こんにちは、古橋です。センター試験が終わりましたね。

 

本番前に過去問を解くときから、一喜一憂しないこと、そして決して油断せず詰めの努力を怠らないようにと伝えてきました。

 

一喜一憂しない、というのは答え合わせの結果を確認するときもそうですが、特に気をつけたいのは問題を解いている最中です。例えば、「この問題は自信がある」、「あれ、こっちは難しい。まずいかもしれない」など。「難しい」まではいいとして「まずい」とまで考え出すと、問題を解くことの妨げになります。そして大抵その後の問題まで尾を引きます。

 

本人の性格的にそれほど気にしない生徒もいれば、解きづらい問題があったときにそこに執着し過ぎたり、頭がいっぱいになってしまう生徒もいます。考えてしまうことは仕方がないので、対処法としては切り替えるトレーニングをすること。考え方のクセみたいなものなので、例えば練習時から時間を測って、1分以上固まってしまったときには切り替えて次の問題にいくようにする、など。それで、試す前と後の結果を自分で見比べてみれば、どちらのやり方がより良い結果を得られるか分かると思います。

 

センター国語の問題で「レジリエンス(回復力=ストレスなどの刺激に対する柔軟性、という意味で使われている)」についての出題がありましたが、それと同じことだと思います。状況や環境に極度に左右されないよう、工夫して対処法を身につけていくこと。

 

二つ目に書いた油断せず詰めの努力を怠らない、というのは、言葉で書くとそれまでなのですが、わずかな差で勝敗がつくことが多くありますよね。

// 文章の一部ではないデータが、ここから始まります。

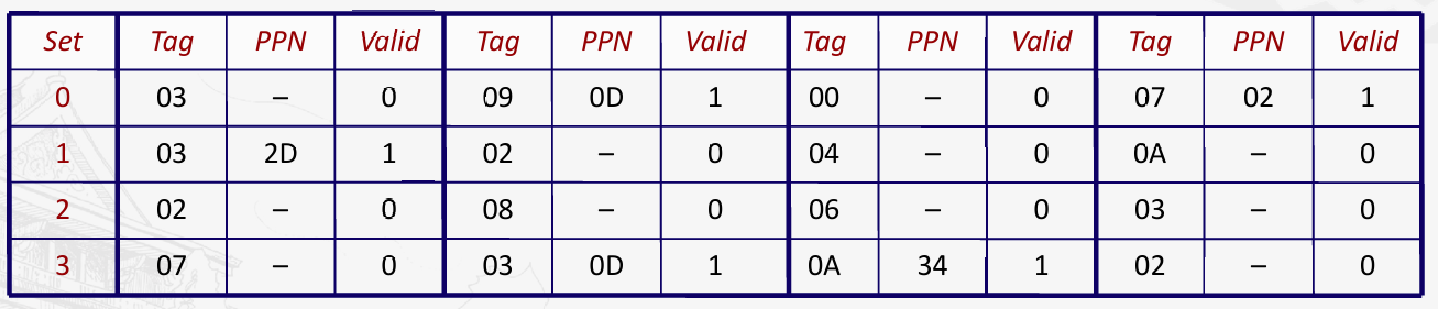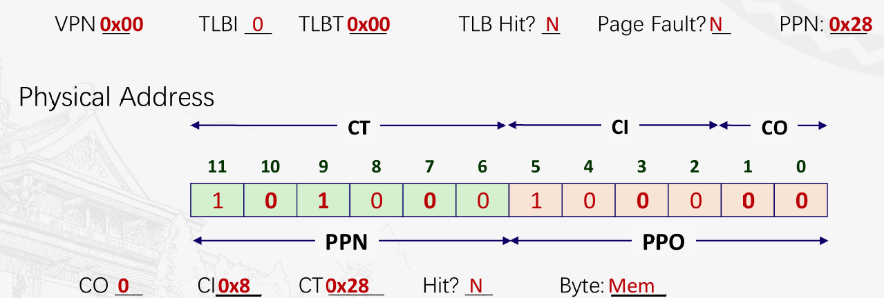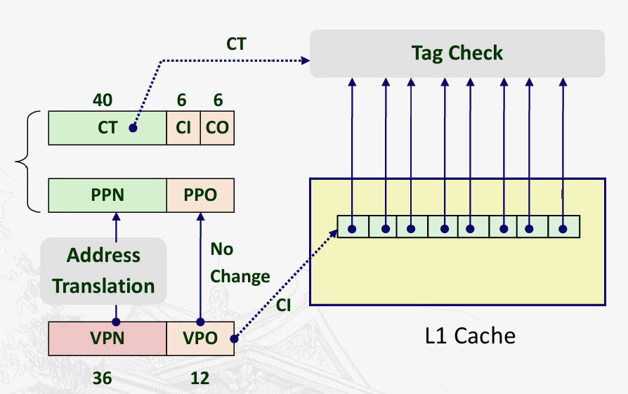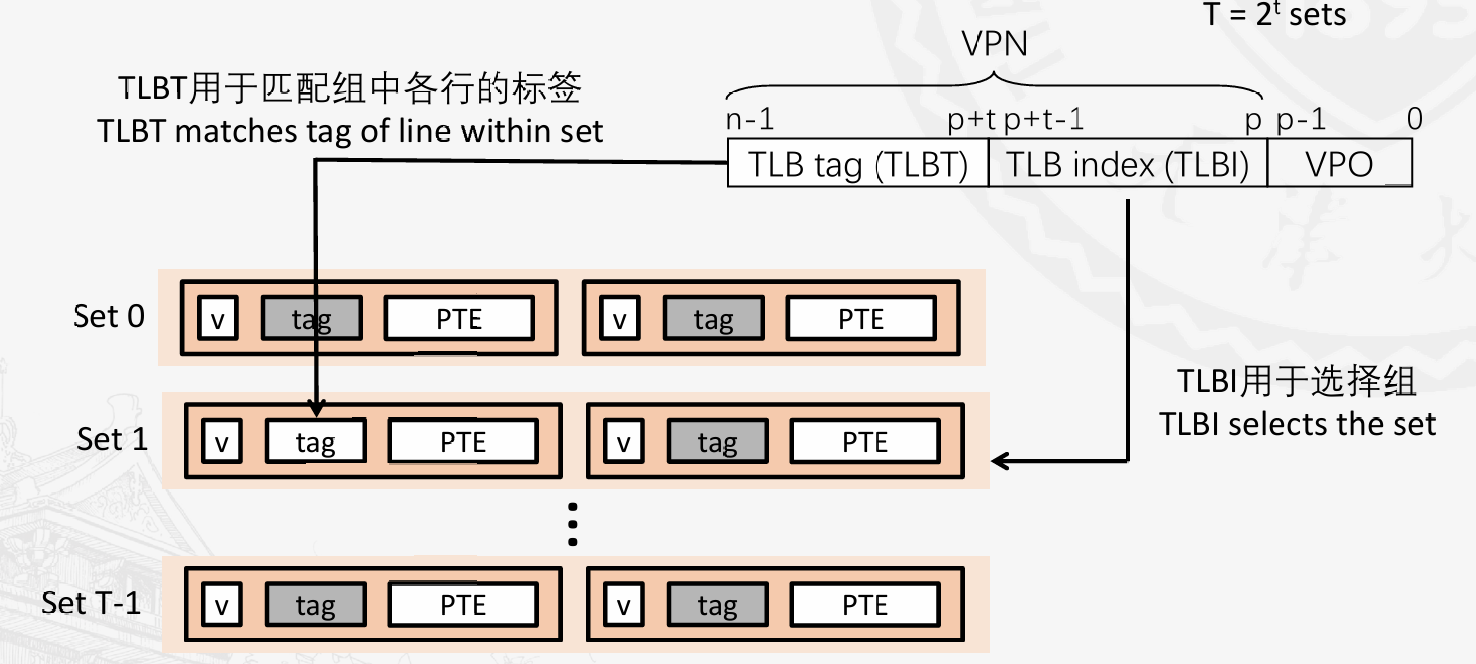 我们在cache那里已经学过了,全相联的缓存只有一个set,因此组索引位为0。因而每个页都可以被映射到任意的位置。

受験はそういう世界ですので、自身肝に命じながら伝えています。

 

それで、ここでようやくタイトルの「一語の重み」についてなのですが、たった一語でその文の伝えんとする内容がガラッと変わることってあるよね、という話です。例えば、

 

Are you hardly working?

 

「hardly」は準否定語で「ほとんど〜ない」という意味。つまりこの文は「ほとんど仕事してないですか?(サボっていますか)」と聞いていることになります。hardlyを見落としたり、hard(一生懸命)と勘違いすると逆の意味に捉えてしまいます。

 

一語の重みというのはそういうことで、(大切なことなので二回書きますが)たった一語に話し手の伝えんとする内容の核が込められていたりします。上記はまだよく聞くフレーズではありますが、聞きなれない表現には注意が必要です。知らないフレーズであっても会話では強弱をつけるので重要な部分は伝わりやすいです。しかし、リーディングには当然強弱はないので、見過ごしてしまったらそのままです。

 

例えば今回のセンターでは大問6の本文にpublic safety(治安)、選択肢にひっかけのsafe product(安全な製品)がありました。他の問いも含めて、精読ができていないと失点しますのでやはり基礎力ですよね。単語・文法・読解。あと来年からリスニングです。(→これは2年生、1年生の生徒たちに向けて書いてますよ。)

 

今年でセンター試験は最後、来年からは「大学入学共通テスト」に切り替わります。現在判明している変更点として、
・リスニングの配点が2倍(リーディング・リスニングともに100点ずつ)
・筆記(リーディング)はその名の通り読解重視。語句整序などを単独で扱う問題はなくなる
があります。

 

現役生は私立や二次試験に向けてラストスパートを!それ以外の生徒もぜひセンターを解いてみて「正確に読むこと」について考えてみてください。すでに手をつけている生徒もいると思いますが、学年や現在の英語力に合わせて部分的にでもやってみるととてもいいです。僕の授業では抜粋して配りますので安心してください。笑

自身現役のときに取り組んだセンターが終わるとなると少し感慨深いですが、今後も試験への挑戦を通じて力をつけていきましょう。